Billing and negotiating: One-offs vs Retainers plus projects
Specifically, this article with the support of Mrs. Nguyen Phuoc Hong Hanh, Event Manager of Scarlet Communication, standing in agency’s perspective attempts to answer a challenging question: How does an agency handle billing and negotiating with one-off project clients differently from negotiating with retainers plus projects?
With more than four-year experience working for three agencies, including Le Bros, Hong Thuy Communication and currently Scarlet Communication, which is an exciting new PR and below-the-line boutique agency based in Vietnam (Scarlet 2012), Hanh has directly worked with several types of clients, gaining enough skills and techniques to be a good negotiator dealing price with clients successfully.
“The level of commitment and relationship between clients and agencies affects significantly the way agencies pricing and negotiating the bill”, Hanh stated firmly about the main reason why advertisers making the bill of one client differently to that of the other. Specifically, she said that due to low level of commitment, one-off project clients are normally charged higher than retainers plus projects. For example, while the agency just charges retainers plus a project 15% for management fee, “shop around” clients with no or low commitment will receive a higher cost, i.e 15%-20%, for the same category. Moreover, retainers is also “favored” over one-off clients when normally being shown the fixed-price rate cards with the base cost by the agency; meanwhile, the “shop around” ones tend to receive higher cost rate cards that the agency wishes to charge them but still in a reasonable price.

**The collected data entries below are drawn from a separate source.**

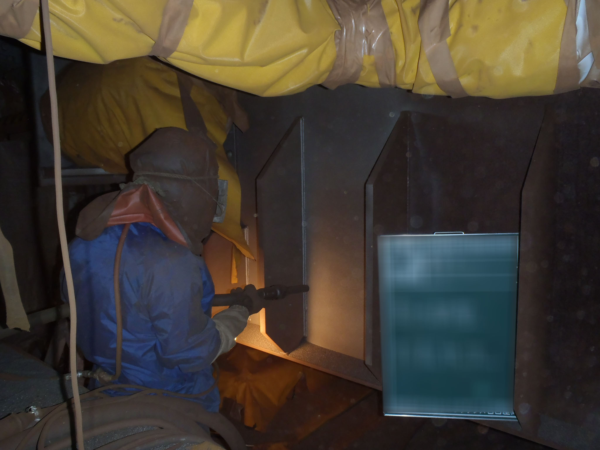 耐候性鋼材橋梁で損傷した箇所のブラストも行っている(上下とも施工例)
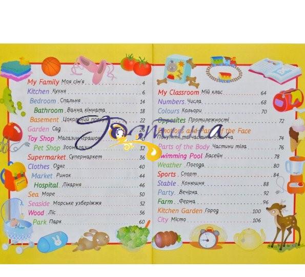 Ілюстрований словник English — якраз ті самі перші кроки у вивченні іноземної мови, коли найголовніше — це викликати радісні емоції й бажання працювати з навчальною книжкою.
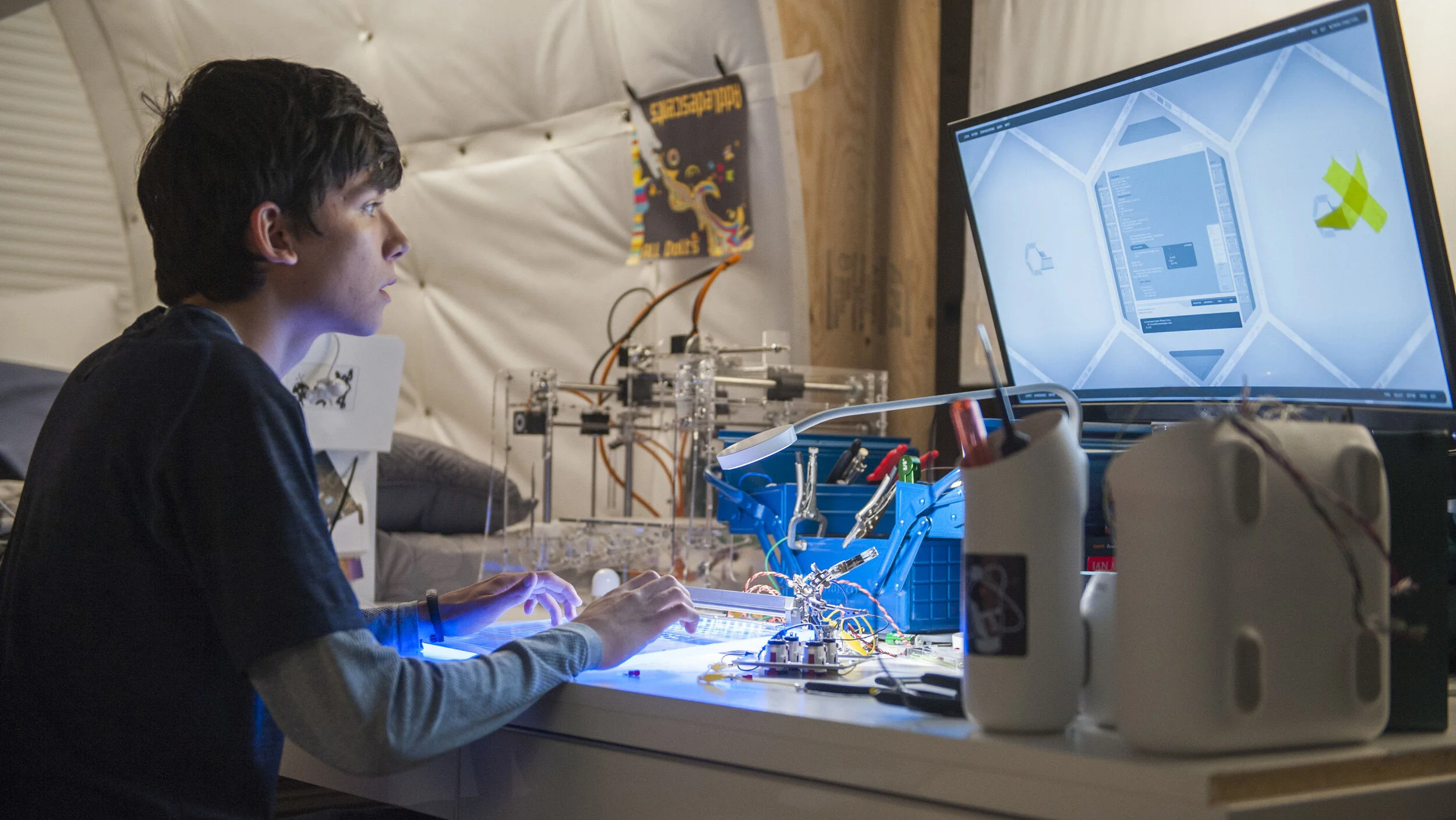 As an FUI designer, you spend most of your time in a light-on-dark palette, so I was psyched when the team at The Space Between Us liked my dark-on-light concept for the Mars station UI.
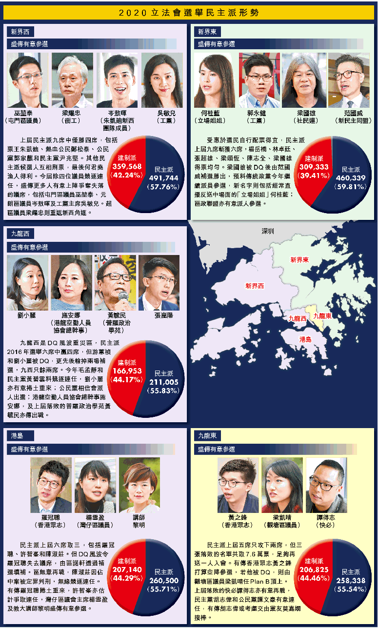 近日政圈開始流出民主派不同人士及陣營醞釀的9月立會出選名單,除一些熟悉政治人物、角逐連任議員外,當中不乏一些話題人物,除近日已曝光的黃之鋒及梁凱晴外,盛傳立場姐姐何桂藍或戰新東、灣仔區議會主席楊雪盈、教大講師黎明有可能出戰港島、眾志羅冠聰或再戰港島區,施安娜則研究出戰九西可能性,一些前議員也可能捲土重來,如長毛梁國雄出戰新東,黃毓民近日也在網台節目稱審慎考慮參選。大專學界國際事務代表團前發言人張崑陽也可能在九西出選。
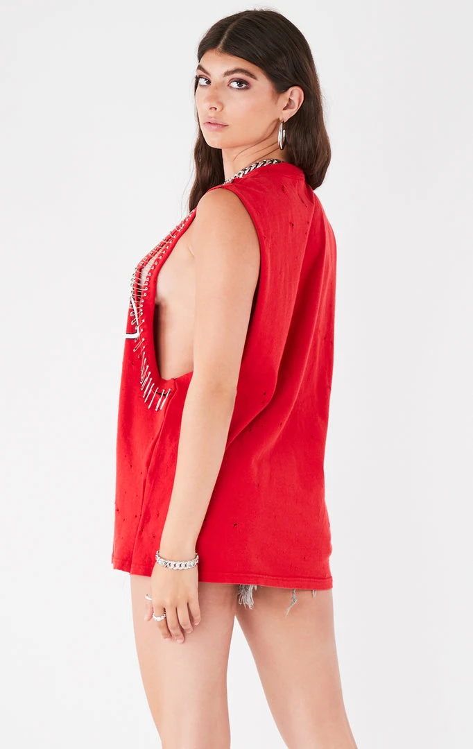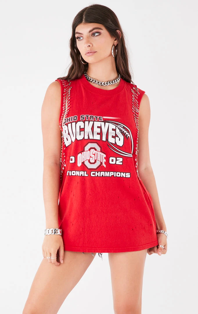 This vintage Ohio State University tee was sourced and reworked by Furst of a Kind in Los Angeles with a dramatic sleeveless cut and safety pin detailing.
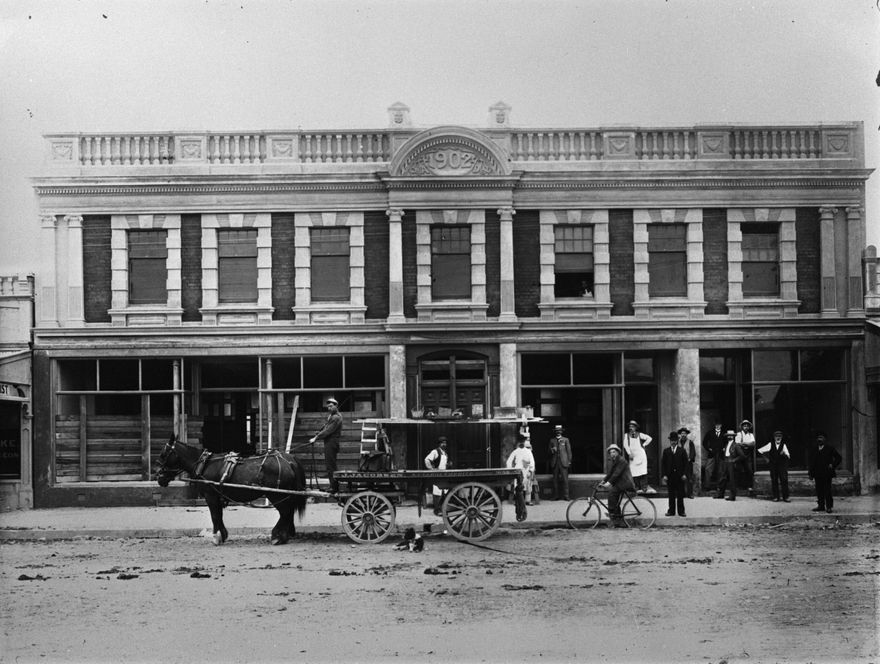 Sandilands Building, photographed after it's completion in 1902. The wagon reads "J. Jacobsen General Carries Licensed No. 59". This building, one of the many commissioned by respected lawyer and eventual mayor W. A. Sandilands, was built by William Wilkinson, the man standing on the far right in this photograph.
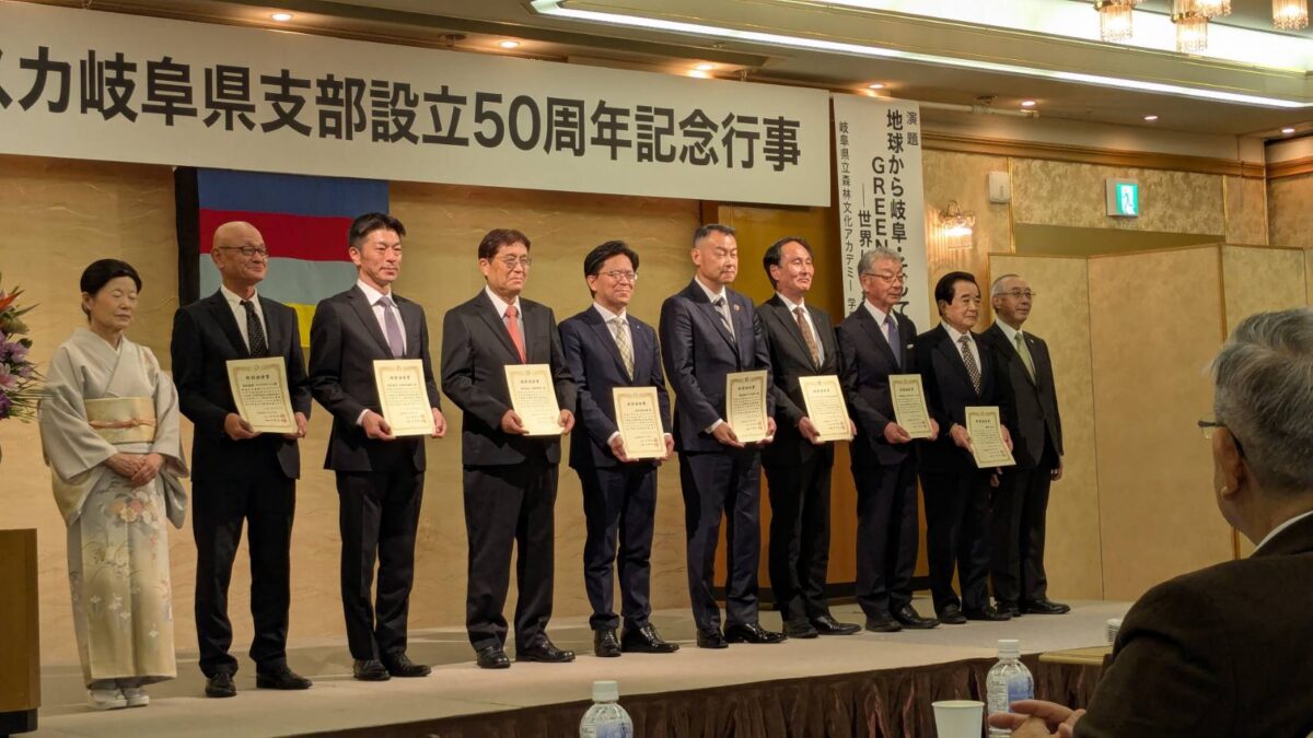 11月9日には、オイスカ岐阜県支部の設立50周年式典が開催され、静岡県支部からも内山隆司副会長と事務局2名が出席しました。
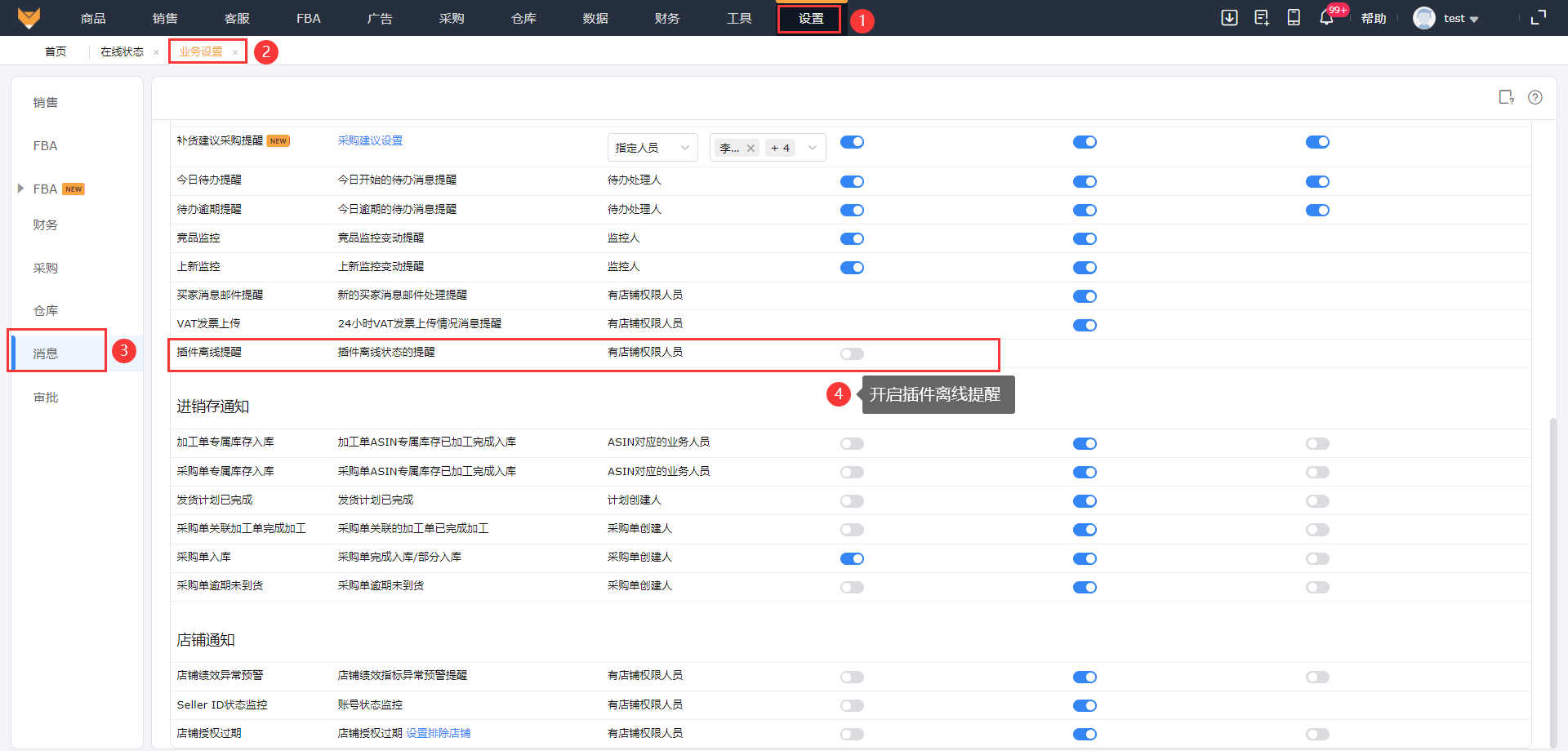 ②设置->业务设置->消息->运营通知中开启消息提醒

The idea that Hanh shared in terms of different ways of billing is somehow consistent with the theory suggested by business scholars which highlight different ways that advertisers use frequently when billing their clients: fixed price with base cost for long-term customers (i.e service retainers), other projects plus cost extra but not as high as charging short-term clients (i.e. one-offs or also “shop around” clients) (Carrell & Heavrin 2008; Lyons 2007).
Talking about negotiation, Hanh asserted that “negotiating price with one-offs always takes longer time and requires more techniques than doing with retainer partners”. Specifically, compared with one-offs, retainers do not bargain much by looking the base cost rate cards that the agency gives them and also because “they believe that we – the agency as the long-term partner – will not charge them high” as Hanh believed. However, once retainers ask for discounts, the agency should really consider to cost down to ensure the profit it can earn. One valuable tip that Hanh shared was that the agency should show and compare its cost with the standard cost in the market to retainers, to let them examine how worth and reasonable cost that they receive from the long-term agency.
On the other hand, negotiation works tougher and longer with one-offs clients. “This type of client always bargain in order to get the lowest fee”, said Hanh. To negotiate price successfully with one-offs, Hanh shared three valuable techniques and tips as following:
- Try to guess their BATNA without releasing the agency’s: would help the agency save time and know how much it should charge and convince clients easier. At this point, Hanh seemed to share the same viewpoint with academic researchers who encourage learning clients’ BATNA to get better chance succeed price negotiation (Lyons 2007; Lewicki, Saunders & Barry2011).
- Asking “How could you get the same quality with that amount of money?” question: to the clients if they claimed that they can find other agencies costs them lower than yours. Asking this question would make clients consider the quality/value that your agency can offer better than others.
- Once discount one thing, increase the others, or at least do not discount the others: because if the agency discounts many items at the same time when clients require, they would doubt and re-consider how reasonable the agency charge them.
Compared with academic studies about negotiation methods, Hanh – the real life’s advertisers – did differently. If scholars claim distributive bargaining, which is “win-lose” method, for short-term clients and integrative bargaining, which refers to “win-win” negotiation method, for long-term one (Lewicki, Saunders & Barry2011), Hanh applied the latter bargaining method for both types of clients. As she explained that “I don’t want to burn my bridge with clients, no matter those are one-offs or retainers. What a good negotiator should always consider is a long-term relationship with a client, not just a deal. An arrangement that causes one side to feel forced to accept a bad deal not only can destroy the potential relationship, but also cause a bad image for the agency”. This statement explains the reason why Hanh still accepted discounts for one-offs even though they just worked with each other at the first time.
In sum, due to a higher level of commitment and relationship, the agency tend to charge retainers’ bill lower than one-offs’. While the agency finds it easier to negotiate with retainers by showing the fixed-price rate cards with base cost and letting retainers compare agency’s cost with standard cost in the market, working with one-off project clients is tougher and takes longer time. With her experience, Hanh suggested that guessing clients’ BATNA, asking “How” question and a few discounts are some techniques that a good client manager should consider when negotiating price with one-offs. Moreover, integrative bargaining would be the best method in negotiation. As a future advertiser, i personally think Hanh shared many valuable tips about price negotiation and especially the use of intergrative bargaining suggested which i think is helpful to get more accounts and build a long-term relationship for the agencies.